How to calculate this? I probably know this from statistics in university, but just forgot it... so you don't need to go to much into detail. Just need the right formula/algorithm to look for...

Thanks for your help.

--- edit --- Just to make clear, why I do not just lookup "Confidence Interval" at wikipedia. I would know how to calculate everything if there would be only two cases (e.g. like a coin... 0 and 1). Then I would be able to apply the formula, but I just didn't use such statistics for some years now and just don't see the solution how to reduce the problem. I just think about taking the result in question (e.g. 3 eyes) as "p" and all other results as "\not p"; does that work?

3 Answers 3

2

Let $\{X_i\}_{i=1}^n$ be independent identically distributed die point random variables, corresponding to the output of each die trow. Let $N_k = \sum_{i=1}^n [ X_i = k ]$ be the number of occurrences of score $k$.

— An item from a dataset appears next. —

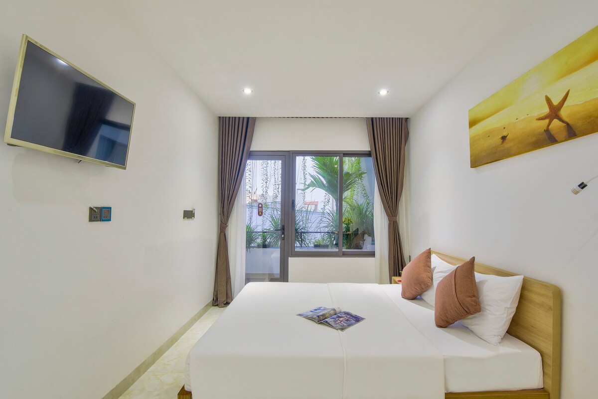***?????????????????? - Il s'agit d'une chambre double avec fenêtre, conçue pour 1 à 2 personnes, d'une superficie de 18 m2. Avec 01 lit Queen Size, installations de base complètes, WC autonome - Situé au cœur de la ville de Da Nang, l'espace paisible et propre est à seulement 300 m de l'aéroport, à 1 km de l'aéroport, sur la route principale de Nguyen Van Linh - Cau Dragon - My Khe est pratique pour voyager pour les attractions, les restaurants.
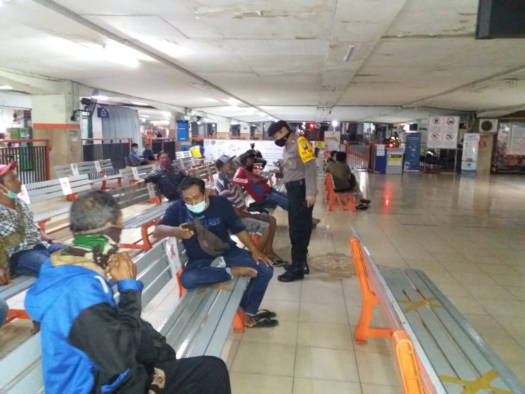 Seputarperak.com- Personil Pospam Operasi Ketupat Semeru Polsek Pabean Cantikan, Polres Pelabuhan Tanjung Perak melakukan pemeriksaan suhu badan para penumpang kereta api di Stasiun Surabaya Kota, Rabu malam, 6 Mei 2020.

The vector $(N_1, N_2, \ldots, N_6)$ follows a multinomial distribution $\operatorname{Mult}(n, \{p_1, p_2, \ldots, p_6\})$, where $p_1 = \mathbb{P}(X=1)$, $p_2 = \mathbb{P}(X=2)$, etc.

Consider the following statistics: $ S = \left( \frac{N_1}{n} - p_1\right)^2+\left( \frac{N_2}{n} - p_2\right)^2 + \cdots + \left( \frac{N_6}{n} - p_6\right)^2 $

For the current sample, $n=83$ and $S=0.01957$, and under the null hypothesis of a fair die, the probability $ \mathbb{P}(S > 0.01957) \approx 0.08 $ Thus the hypothesis can not be rejected at the 5% level, but can be rejected at 10% level. enter image description here

  • 0
    @StefanK. Yes assuming Sasha got 0.08 for a two-sided test you would reject at the one-sided 0.05 level.2012-08-21
5

The most common way to do this is to use binomial proportion confidence interval. Let $p$ be the probability that the dice shows 3. This probability is not known but you did an experiment where $24$ out of $83$ trials is 3. Now, your estimated $p$, i.e. $\hat{p}$, is $24/83 = 0.2892$. To get the 95% interval for this estimate, the formula is: $z_{1-\alpha/2}\sqrt{\frac{\hat{p}(1-\hat{p})}{n}}$, where $\alpha=5\%$ is the error level, $z_x$ is the $x$ percentile of the standard normal distribution. For $\alpha=5\%$, $z_{1-\alpha/2}=1.96$. And $n$ is the number of trials.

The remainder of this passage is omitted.